利用遗传算法进行高频因子挖掘（二）

最新推荐文章于 2024-04-20 15:12:20 发布

置顶 Allen Chi

最新推荐文章于 2024-04-20 15:12:20 发布

阅读量9.8k

点赞数 13

分类专栏：量化投资文章标签： python 数据挖掘机器学习

本文链接：https://blog.csdn.net/qq_24099909/article/details/107697320

版权

量化投资专栏收录该内容

4 篇文章 38 订阅

订阅专栏

文章目录

自定义函数

自定义函数

参考研报：191125-华泰证券-华泰人工智能系列之二十六：遗传规划在CTA信号挖掘中的应用

1 修改类_Function

参照研报，本章中我们将增加自定义的时间序列函数和TA-Lib函数。相比于GPlearn中对类_Function的定义，这里我们需要额外增加一个回滚周期，于是需要对类进行修改，增加参数is_ts和属性d，分别代表此函数是否为时间序列函数和回滚周期。

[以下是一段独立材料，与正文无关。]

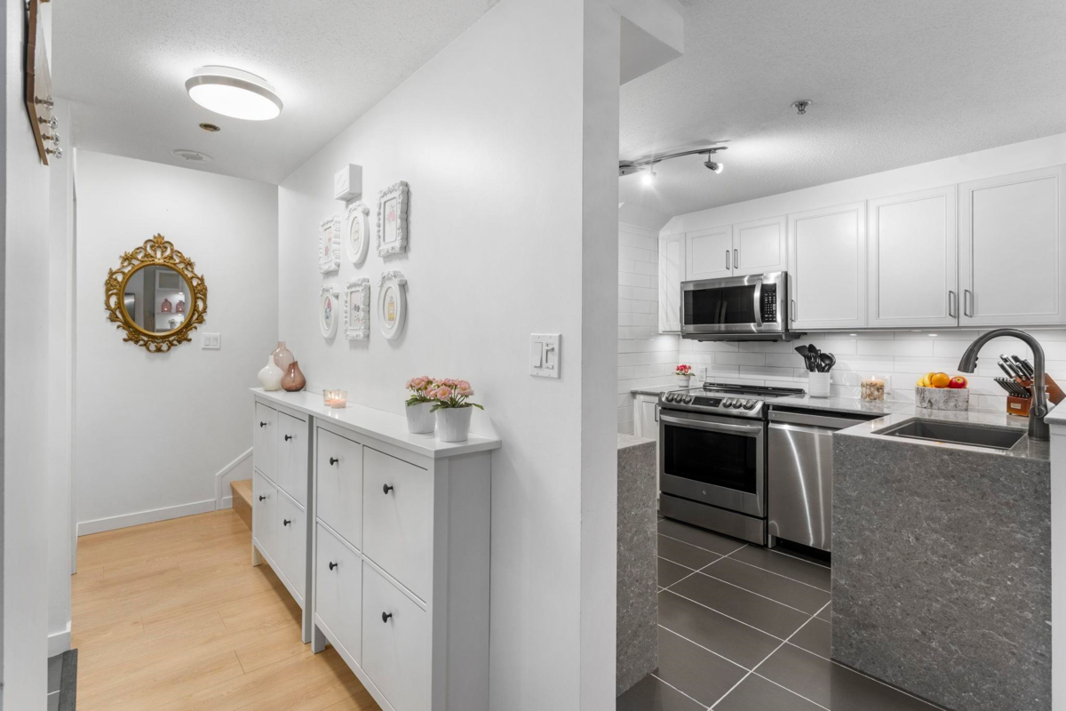 Rarely available! 2 LEVEL CONCRETE, end unit TOWNHOUSE near Brentwood Skytrain Station. Private entrance located on tree-lined cherry blossom street. 3 bedrooms, 2 bathrooms, 2 parking, 1 storage locker PLUS bike storage. Two private patios (front & back) perfect for lounging with the family. Located in the heart of all amenities, walking distance to Brentwood Skytrain, Save On Whole Foods, Winners, schools, daycare, restaurants & Willingdon Park. EXTENSIVELY RENOVATED IN 2020. Dream Kitchen-Quartz countertops w/waterfall, Tile work, full LG Appliance Package includes 36" fridge & pantry. Custom built in storage with under mount lighting throughout living & dining space. Both washrooms fully Renovated. The ultimate place to call home in BRENTWOOD PARK.

由于新增的属性d是有严格要求的，必须为整型，并且不能作为树中的点，沿用之前的类是不行的。这里我们采用的办法是在类_Function中增加一个设置属性d的方法set_d，重设属性d和name。

在每次随机选择函数时，若选到了时间序列函数，则在给定范围内随机选择一个d，初始化一个函数类，调用set_d方法设置属性，同时，以及在计算时增加参数d，这样就解决了上面的问题并且可以在输出时体现出参数。

此外，部分TA-Lib函数指定了固定的参数，那么在生成树的时候需要把它当做叶子点看待，是不需要传入其他参数的，于是我们增加了一个参数params_need为所需的固定参数。

修改后的代码如下：

class _Function(object):

    def __init__(self, function, name, arity, is_ts=False, params_need=None):
        self.function = function
        self.name = name
        self.arity = arity

        # 新增参数
        self.is_ts = is_ts  # bool, 代表此函数是否为时间序列函数，默认为False
        self.d = 0  # int, 时间序列回滚周期，若为时间序列函数则需要重设此参数
        self.params_need = params_need  # list, 部分TA-Lib的方法需要的固定参数及顺序

    def __call__(self, *args):
        if not self.is_ts:
            return self.function(*args)
        else:
            if self.d == 0:
                raise AttributeError("Please reset attribute 'd'")
            else:
                return self.function(*args, self.d)

    # 新增重设参数d的方法
    def set_d(self, d):
        self.d = d
        self.name += '_%d' % self.d

2 自定义时间序列函数

delay: d天以前的x1值

def _ts_delay(x1, d):
    return pd.Series(x1).shift(d).values
ts_delay1 = _Function(function=_ts_delay, name='ts_delay', arity=1, is_ts=True)

delta: 与 d 天以前 x1 值的差值

def _ts_delta(x1, d):
    return x1 - _ts_delay(x1, d)
ts_delta1 = _Function(function=_ts_delta, name='ts_delta', arity=1, is_ts=True)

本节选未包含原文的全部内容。